Preheat oven to 400°. For the crust: Sift together flour and salt into a mixing bowl. Measure oil into a measuring cup, then add milk, but don't stir together. Pour oil and milk into flour mixture. Stir until dough just holds together. Divide dough into four sections, shape into 4 balls, and flatten slightly. Roll out each ball between two sheets of wax paper into 6" rounds. 

Place about 3/4 cup of fruit filling in the center of each piece of crust, and fold edges up over fruit to make a barrier.  Back for about 30-45 minutes, or until fruit is bubbling and the crust is golden brown.

Wednesday, August 11, 2010

rolling in the dough

I was recently introduced to homemade pasta made by the infamous Pasta Attachment on Lily's KitchenAid, two of her fabulous wedding gifts. We shared a meal together, the pasta and I, gazed into each other's eyes and the rest is history. 

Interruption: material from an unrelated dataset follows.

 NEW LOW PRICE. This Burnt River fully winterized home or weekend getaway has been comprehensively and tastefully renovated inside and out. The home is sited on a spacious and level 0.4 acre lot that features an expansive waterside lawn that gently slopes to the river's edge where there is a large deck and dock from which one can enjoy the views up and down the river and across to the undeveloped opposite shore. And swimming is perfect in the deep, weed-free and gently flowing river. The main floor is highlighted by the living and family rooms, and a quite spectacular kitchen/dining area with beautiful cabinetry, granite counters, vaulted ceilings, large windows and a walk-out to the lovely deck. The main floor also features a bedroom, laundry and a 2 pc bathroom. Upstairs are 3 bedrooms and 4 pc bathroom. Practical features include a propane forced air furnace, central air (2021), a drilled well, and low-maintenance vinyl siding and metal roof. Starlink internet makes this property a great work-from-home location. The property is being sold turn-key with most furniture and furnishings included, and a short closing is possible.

I left Lily's that night, and came home to find the pasta maker I had recently been gifted, it's of the hand-crank variety, but a pasta maker nonetheless. Using this new gift, the next week was filled with four nights of homemade pasta in various preparations topped with many a sauce. It was beautiful. Just beautiful. These photos below are the noodle fruits of my labor of pasta-maker-love. The sweet sweet product of eggs, flour, a little basil, and a lot of mixing, followed by rolling rolling rolling, followed by machining. A lot of machining. It is truly a process, and because I used a machine to do much of the work, this isn't even considered "homemade" pasta by old world Italian standards. Yes, I'm an impostor, I know.  

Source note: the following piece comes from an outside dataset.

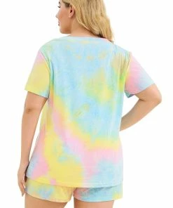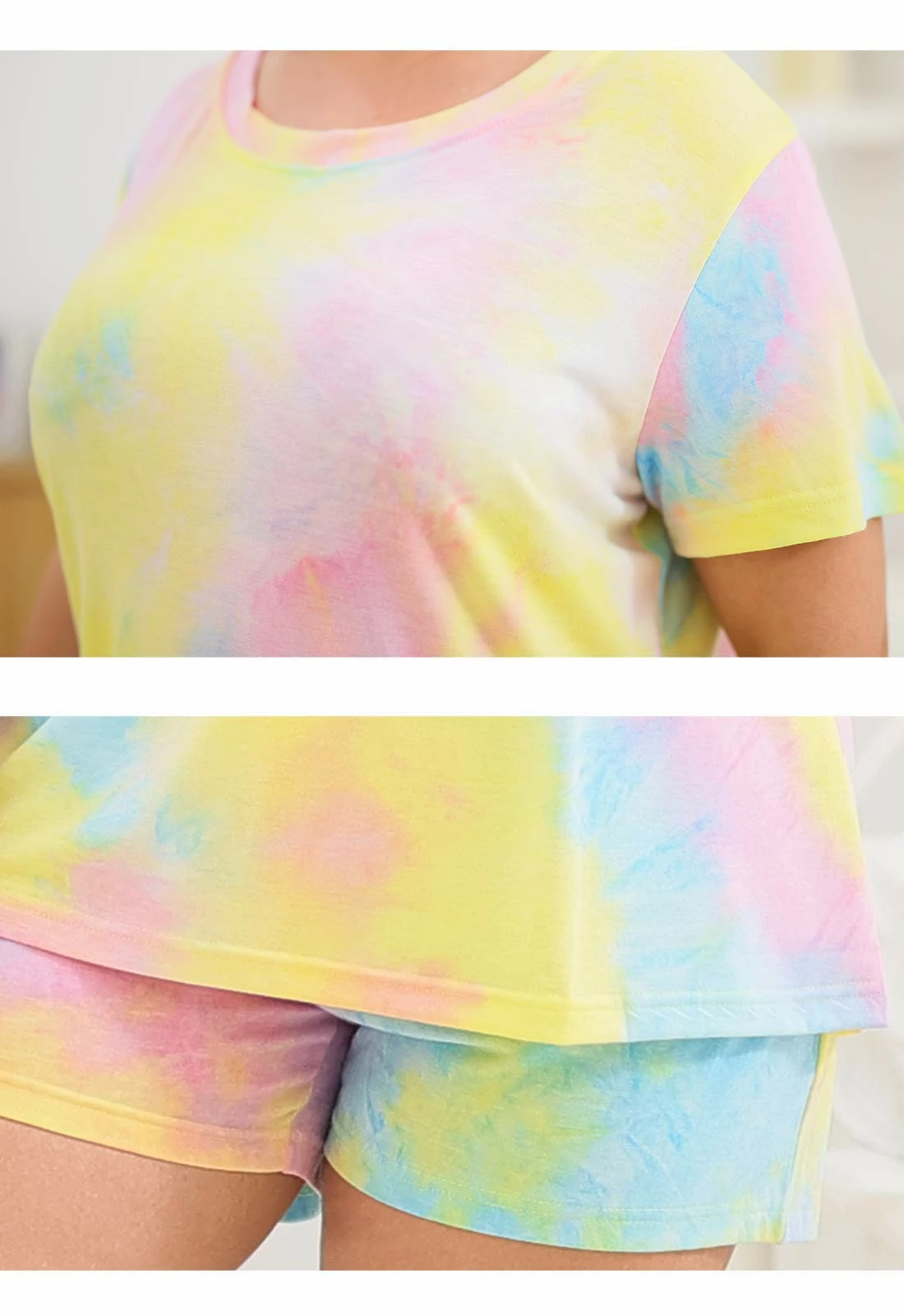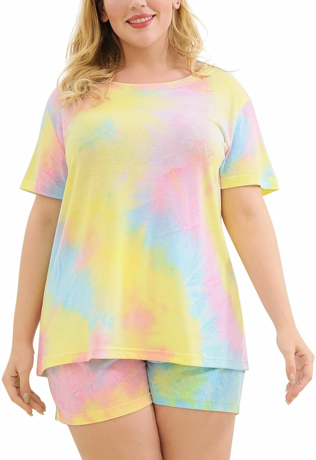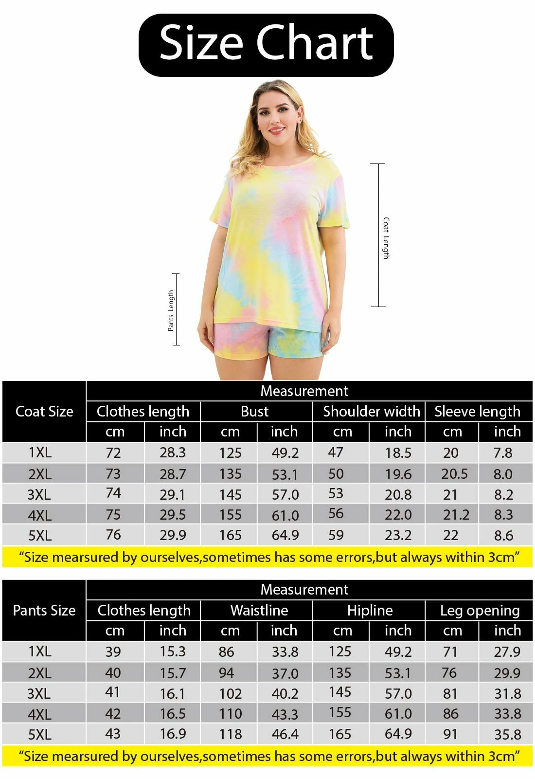 - Fashion tie dye printPlus size pajamas for women whit pocket,Features an adorable tie-dye, short sleeves, round neck, oversized, loose-fitting, elastic waist. Two piece casual big size set nightwear for women. New chic tie dye patterned that keeps you fashion all the time.

If you haven't already tried your hand at making homemade pasta, I highly recommend it. It opens up so many possibilities for dough thickness, shapes and flavors. In fact the possibilities are so endless that you might find yourself too overwhelmed to experiment at all. Don't let that happen. Take this new task in stride. Start small, like with a plain spaghetti or fettuccine, and then think about the other flavor options. 

Oh yeah, and want to know the coolest part about this project? This pasta maker was purchased from JC Penney circa 1980 (possibly earlier) for $19.99, my mom gave it to me for keeps this year and it's the best. It's in its original box with price tag and all. The same machine will now set you back between $60-100, but it's worth it.  Otherwise a rolling pin, a ruler (to measure the dough's thickness) and a sharp knife can get the job done.     



the rolled dough ready to be cut

like magic, the dough turns to spaghetti

spaghetti, basil spaghetti and fettuccine
INGREDIENTS:
1 and 1/4 cups fresh basil leaves
3 cups flour
3 eggs
1/4 cup plus 1 tablespoon water
2 teaspoons olive oil


Place the basil in a food processor, cover and process until finely chopped. Add flour, process until blended. Add eggs, water, and oil. Process 15 - 20 seconds or until dough forms a ball. Turn onto a floured surface; knead until smooth and elastic, about 8 - 10 minutes. Cover and let rest for 30 minutes. Divide into fourths. Follow your pasta maker's instructions on rolling the dough to the desired thickness.  

Wednesday, July 14, 2010

a pizza pie

thank you for your patience during this blogging hiatus.  I have been wrapped up in other activities, eating meals mostly out and not doing so much of the cooking. I have been visiting the farmers markets weekly and stocking up on mounds of fresh produce and then consuming it, but the cooking I've done as of late has been more of just an assembly of those ingredients, which creates good and edible food,  just not exactly the sorts of things that have recipes that might inspire others to get working in the kitchen. And so I find myself with almost a month gone by and no new posts. eeek.  not cool. baby steps to more cooking and more sharing.  this is the first of such baby steps.  a pizza creation, which will either bring you disgust or joy at the combination of toppings employed. especially if you are firmly "not a caper person", of which I can name three, you know who you are. herb trader joe's crust, capers, pineapple and red onions. sounds gross. tasted good. preconceived notions are often deceiving. nothing like a little life lesson tucked in a recipe blog. whatevs, like I said, baby steps.


If you do choose to make this the list is simple, herb pizza crust, any red sauce, grated mozzarella, sliced red onions, pineaple chunks and capers. and you've got yourself a meal.